Защита, точнее, вакцины от вирусов появились еще до того, как люди поняли, что такое вирус. Они понимали, что существуют инфекционные заболевания, но не видели никакой разницы между бактериями, вирусами и даже какими-нибудь амебами. По-видимому, первой появилась вакцина против натуральной оспы, которую английский врач Эдвард Дженнер создал в конце XVIII века. Во всяком случае, это первый документированный случай исследования и использования вакцины. Потом, уже в 1870-е годы, случилось другое знаменитое событие — создание Луи Пастером вакцины против бешенства. Это прекрасно работало и выглядело как настоящее чудо: совершенно неизлечимая болезнь, которую можно предотвратить и даже вылечить, если вовремя начать лечение при помощи этих вакцин.

Но при этом вакцины создавались вслепую. Никаких идей о том, что есть некий особый тип агента, который вызывает эти болезни, не было. Такие идеи стали появляться в самом конце XIX века. В 1890-е годы был такой русский ученый, Дмитрий Иосифович Ивановский, молодой тогда еще человек, который готовился защищать диссертацию, ничем особенно не примечательный. Он исследовал болезни табака и был первым, кто уделил внимание тому обстоятельству, что эта болезнь передавалась с соком больных растений. То есть возбудитель этой болезни как-то проходил через фильтры, которые не пропускают бактерии. Ивановский на самом деле не понимал, живой это организм или нет, он скорее думал, что это токсин, хотя и подозревал, что это начало каким-то образом репродуцирует себя. Но, как бы то ни было, первым описал такой объект, привлек внимание научного сообщества и стал, по сути, основателем вирусологии. А дальше довольно за короткое время был сделан еще ряд важных открытий: было показано, что многие болезни вызываются вирусами — ящур, желтая лихорадка, полиомиелит, саркома птиц.

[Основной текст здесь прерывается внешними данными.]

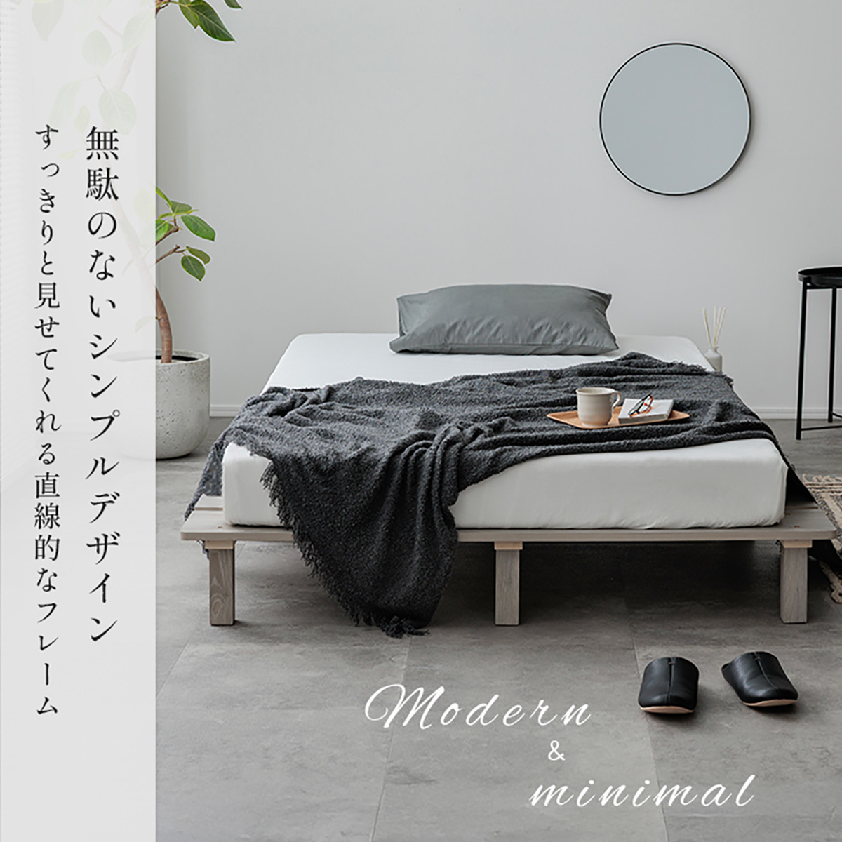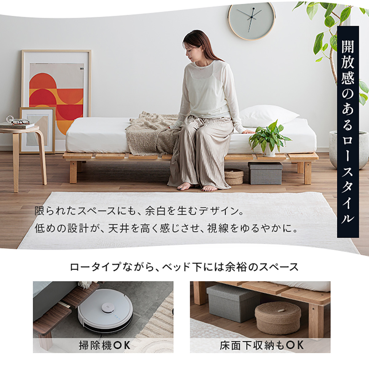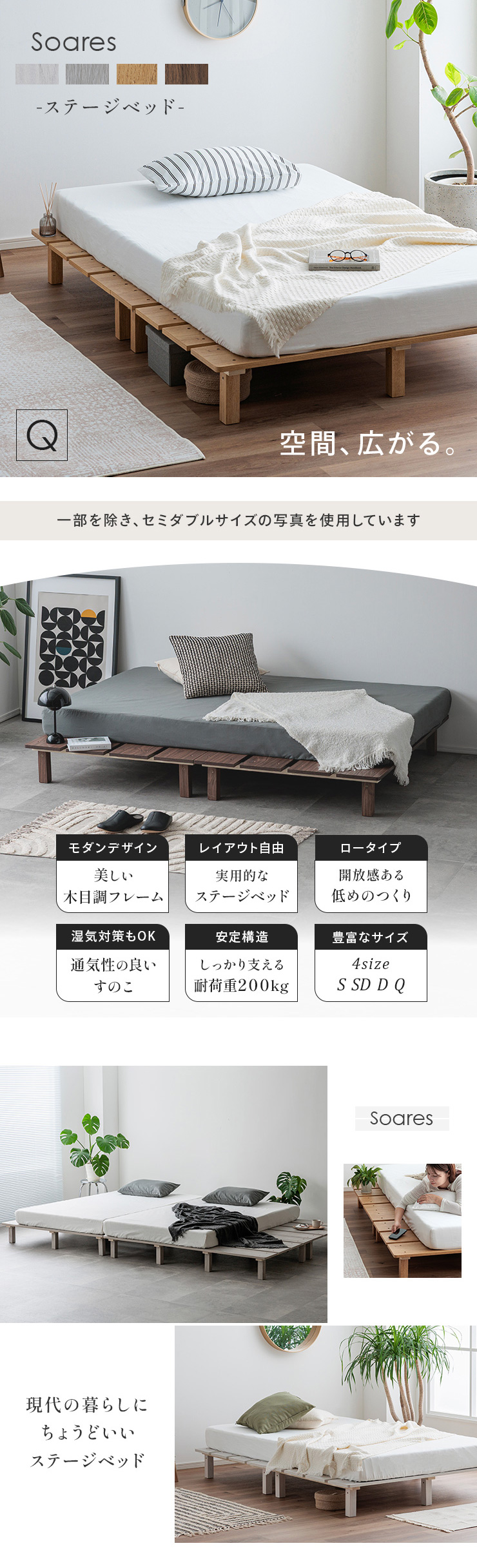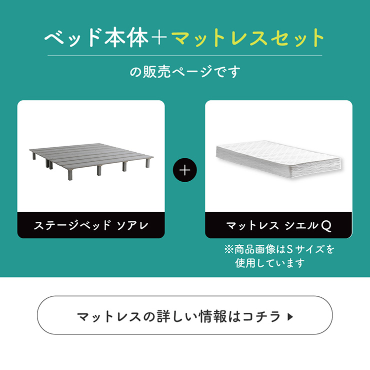 | ステージベッド Soares(ソアレ)+マットレス Ciel(シエル) 現代の暮らしにちょうどいいステージベッド ■美しい木目調 少しマットな質感と温かみある木目調が織りなす、洗礼デザイン ■無駄のないシンプルデザイン すっきりと見せてくれる直線的なフレーム ・床面の空きスペースは、スマホの充電やメガネや本などの小物置きに! ・ベッド下スペースがあるのでお掃除ロボットOK!床下収納にもお使いいただけます。 ■レイアウト自由自在 ヘッドレスだから、壁付けも中央配置もOKなフレキシブルベッド マットレスの置き方やレイアウトで様々なスタイルが可能です。 ■開放感のあるロースタイル 限られたスペースにも、余白を生むデザイン。低めの設計が、天井を高く感じさせ、視線を緩やかに。 ■通気性の良いすのこ 通気性の良いすのこ構造で、寝具も長持ち。清潔さと快適さを、兼ね備えます。 ■敷布団の使用もOK!耐荷重200kg、安定構想 頑丈なつくりで、安定性も確保。安心して使える強さを両立しました。 ■暮らしやすさを両立 ・面取り加工 ・脚部フェルト付き ※こちらの商品はお客様組み立てとなります。 ※組み立て方や若干の個体差によって、表記サイズと完成形のサイズに多少の誤差が生じる場合がございます。予めご了承ください。 ※マットレスの幅をぴったりに置きたい場合、1サイズ上げたサイズをご購入ください。 ※お掃除ロボットを使用する場合は、高さをご確認ください。 ※圧縮袋は一度開封すると再圧縮できません。 ※開封する際はハサミを使用し、ケガ等に十分気をつけながら行ってください。 ※開封後約1~2日で本来の大きさに復元します。 ※サイズには多少の誤差が生じる場合がございます。 ※マットレスを干す際、日光にさらし続けると変色を起こす恐れがありますので、ご注意ください。 ※布団乾燥機のご使用はお避け下さい。 ※普段のお手入れは、柔らかい布地で乾拭きしてください。 ※ご使用の際にはカバーや敷きバッド等を合わせてお使い下さい。 ※商品ページの画像内には一部サイズ違いのものを使用しております。 ※マットレスは3か月を目安に頭と足元側を回転して、入れ替えていただくことをおすすめします。また喚起をこまめに行うことで、より長くお使いいただけます。 ※当マットレスは片面仕様です。裏返してご使用はできません。 | |
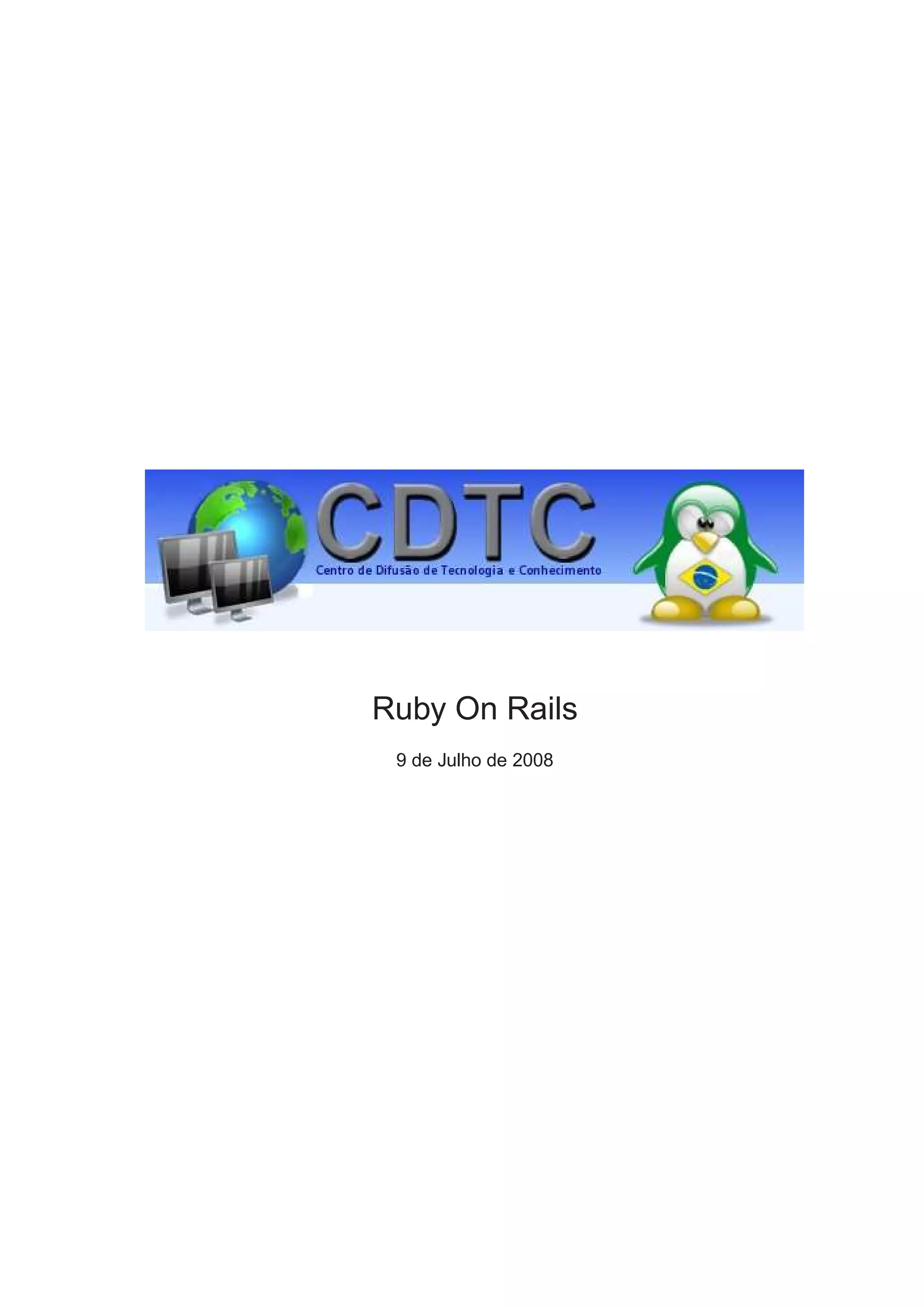 O documento apresenta um plano de ensino para um curso sobre Ruby on Rails. Apresenta tópicos como objetivo, público-alvo, pré-requisitos, cronograma e programação do curso. Também inclui informações sobre licença do conteúdo e instalação do framework Ruby on Rails.
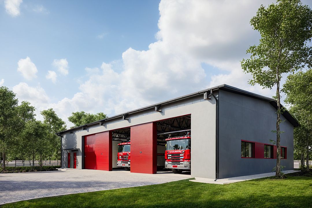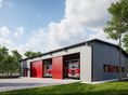 Budynek wykonany w technologii tradycyjnej. Ściany warstwowe grubości 40cm, murowane z bloczków z pustaków ceramicznych grubości 25cm, ocieplone styropianem grubości 15cm. Ściany wewnętrzne z pustaków ceramicznych grubości 25cm i 12cm. Bramy o wymiarach 4,00×4,00m. Więźba dachowa dwuspadowa, stalowa, pokryta płytą warstwową.
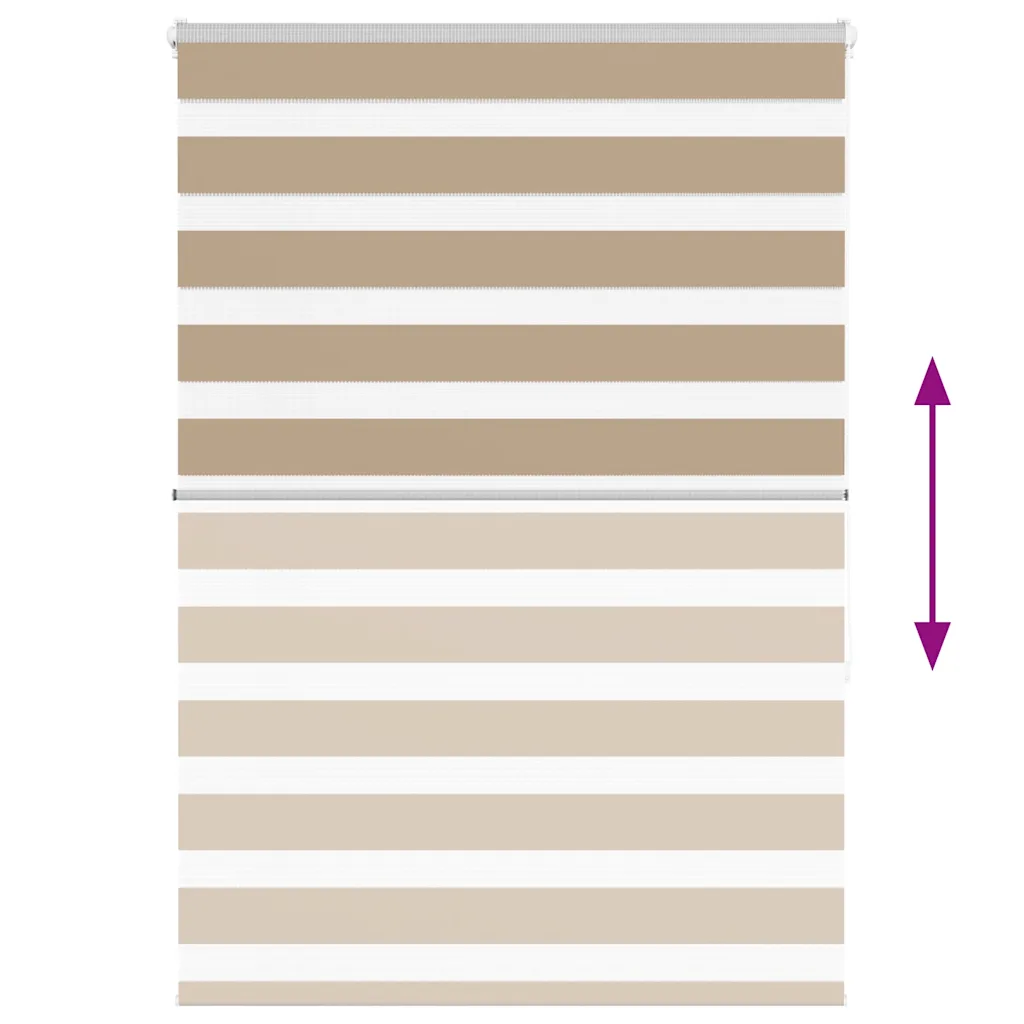 Liivapruun sebraruloo suurusega 110 x 150 cm ühendab dekoratiivse triibulise välimuse ja praktilise valguse juhtimise. Kahekihiline päev ja öö kangas võimaldab ruumis kiiresti vahetada poolläbipaistva valguse ja suurema privaatsuse vahel, sobides elutuppa, magamistuppa või kontorisse.

Английский бактериолог Фредерик Туэрт в 1915 году описал в своей статье группу вирусов, инфицирующих бактерии, а французско-канадский микробиолог Феликс Д’Эрелль в 1917 году описал эти вирусы подробно и дал им название бактериофаги, то есть ‘пожиратели бактерий’, поскольку при добавлении к бактериям в питательной среде эти вирусы создают зону с мертвыми бактериями. Таким образом, к концу Первой мировой войны стало понятно, что существуют некие мельчайшие агенты, которые составляют совершенно особый класс паразитов.

Такой иммунитет исключительно эффективен. Однако включается пресловутая гонка: как только вирус меняется в соответствующей части генома, он становится устойчивым против вакцины. И чтобы восстановить иммунитет, хозяин должен заимствовать новые фрагменты измененного вирусного генома. Так что это такая фундаментальная (поскольку основана на центральном принципе в биологии — комплементарности нуклеиновых кислот) форма этой гонки вооружений.

Есть и другие способы борьбы. Многие вирусы разрабатывают специальные, так сказать, противозащитные средства. В частности, у вирусов очень часто есть некие белки, которые адаптируются к системе иммунитета и мешают ей. Очень часто происходит так, что вирус захватывает компонент хозяйской защитной системы и его же использует против нее. Этот компонент меняется и перестает работать, но воспринимается как работающий. И таким образом вирус как бы ставит хозяину палки в колеса. Это очень распространенное явление. Такая гонка вооружений ведет к разнообразию как вирусов, так и хозяйской системы защиты. Это важнейший фактор генерации разнообразия в процессе эволюции.

Очевидно, что какие-то вирусы подстраиваются под иммунную систему и продолжают борьбу, а какие-то оказываются побежденными. Но мы ничего не знаем об этих видах, которые существовали миллионы лет назад, но так и не прошли по пути эволюции. Правда, мы можем реконструировать какие-то предковые формы, которые оставили потомство, дошедшее до наших дней.


В ходе эволюции у вирусов появились и другие способы выживания. Они могут встроить свой геном в клетку хозяина и таким образом жить. Однако когда что-то плохое угрожает его существованию, вирус активируется, выходит из своего полусонного состояния, убивает хозяина и переходит к другому. Вообще говоря, в ходе эволюции победили именно те паразиты, которые умеют сочетать названные две стратегии. Это как умение правильно распределять свои ставки в казино. И очень важно понимать, что гибель хозяина или его тяжелое состояние ни в коем случае не является чем-то выгодным для паразита. Это побочный эффект его деятельности.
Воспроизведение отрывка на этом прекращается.